Mississippi Code 1942 Annotated section 2043 (1956) defines the crime of burglary in part as follows:
Every person who shall be convicted of breaking and entering, in the day or night, any shop, store * * * in which any goods, merchandise, or valuable thing shall be kept for use, sale, deposit, or transportation, with intent to steal therein, or to commit any felony * * * shall be guilty of burglary, and imprisoned in the penitentiary not more than seven (7) years.
The basic essentials necessary to prove the crime of burglary are the breaking and entering of a building and proof that such was done with the intent to steal or to commit a felony. Gross v. State, 191 Miss. 383, 2 So.2d 818 (1941).

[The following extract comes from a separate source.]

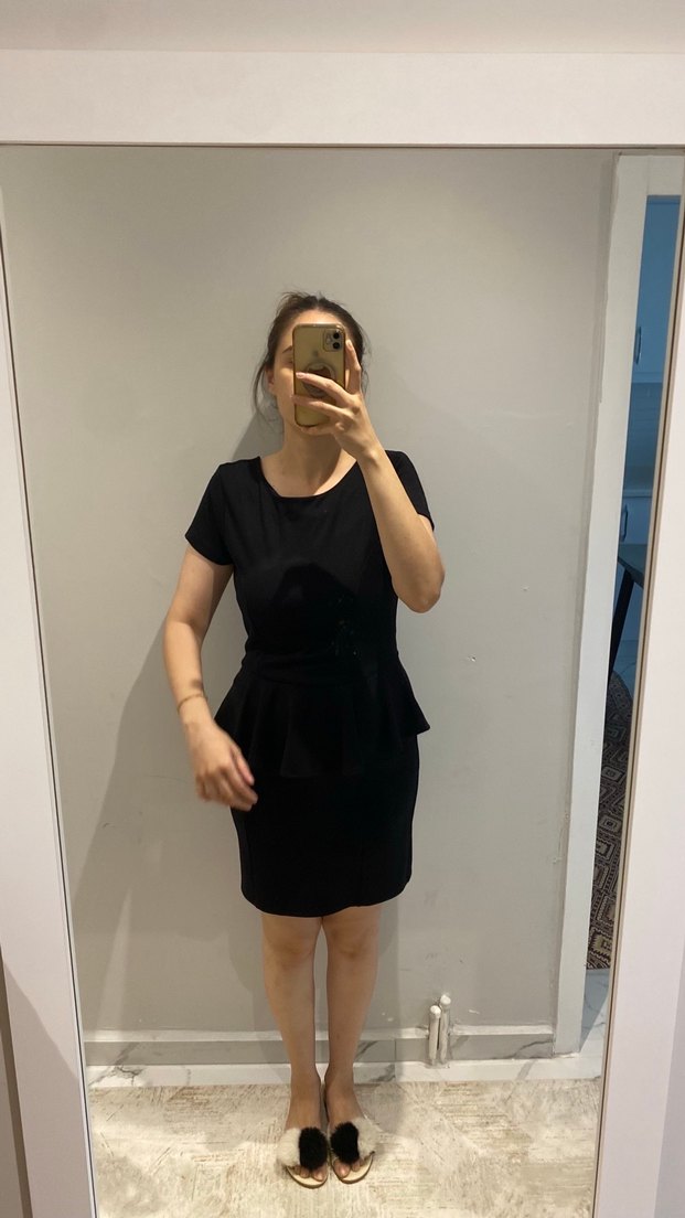 Siyah, kısa kollu, midi boy, vücuda oturan elbise. Düz, desen içermeyen tasarım, sentetik kumaştan rahat ve şık bir görünüm sunar.
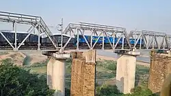 The river flows in all fury during the rains in its upper reaches and has washed away two bridges constructed successively on the Grand Trunk Road. The great stone bridge across the river near Barhi, in Hazaribagh district, built around 1848, was washed away in 1913, after a fall of 250 millimetres (10 in) of rain in 24 hours. The narrow iron bridge, which was built to replace it, withstood the strains of troop movement during the Second World War, but gave way in 1946, with another great flood.[2] A new bridge built in the 1950s has withstood the fury of the river.

This case further states that any act of force necessary to enter, no matter how slight is a "breaking." The turning of a knob, a slight push on an already open door, or the lifting of a latch is sufficient to constitute the act.
The appellant complains that the statement "* * * it need not be proven that any lock, door, or window was actually broken * * *" contained in one of the State's unnumbered instructions is in conflict with the statement "* * * did then and there * * * with force and arms burglariously break and enter a certain building" contained in another instruction.
In view of the law as stated in Gross, supra, we are of the opinion that the instructions complained of are complementary to each other rather than being hopelessly in conflict as suggested by the *670 appellant. They simply state that the jury could find the defendant guilty if it believed he broke the lock from the door and thereby gained entry, or if he used less force and merely opened the door to enter the drug store. We are of the opinion that these instructions are clear and that the jury was not likely to have been misled thereby. We therefore hold that this assignment of error is without merit.
In view of the circumstances and the authorities discussed, supra, we are of the opinion that the lower court was not in error and that its verdict should be upheld.
Affirmed.
ETHRIDGE, C.J., and INZER, SMITH, and ROBERTSON, JJ., concur.